There are many anecdotal studies and reports of the value of having insurance.  But Oregon's 2008 decision to expand Medicaid provided an opportunity to perform a scientific study on the value of having health insurance.  That's because Oregon budgeted enough money to increase Medicaid by 10,000 people but 90,000 applied and they held a lottery to decide who would get insurance.  

Oregon came up with money to fund insurance for the entire 90,000 a couple of years later, but in the meantime there was a true random sample, allowing a study of the effects of having insurance without other confounding factors coming into play.

The first study has been issued.  Findings include:

Those with Medicaid were 35 percent more likely to go to a clinic or see a doctor, 15 percent more likely to use prescription drugs and 30 percent more likely to be admitted to a hospital.
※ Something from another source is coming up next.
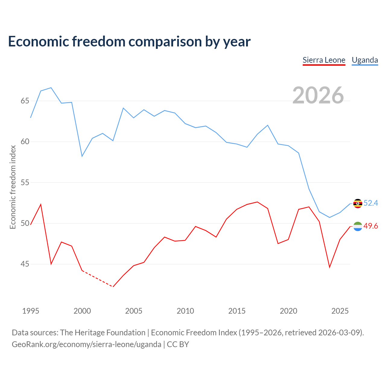 The Economic Freedom Index for Sierra Leone is 49.6, ranking 165/197, compared to 52.4 for Uganda, ranking 149/197. The chart above displays a comparison of annual changes in economic freedom indexes.

Researchers were unable to detect a change in emergency room use.

Women with insurance were 60 percent more likely to have mammograms, and those with insurance were 20 percent more likely to have their cholesterol checked. They were 70 percent more likely to have a particular clinic or office for medical care and 55 percent more likely to have a doctor whom they usually saw.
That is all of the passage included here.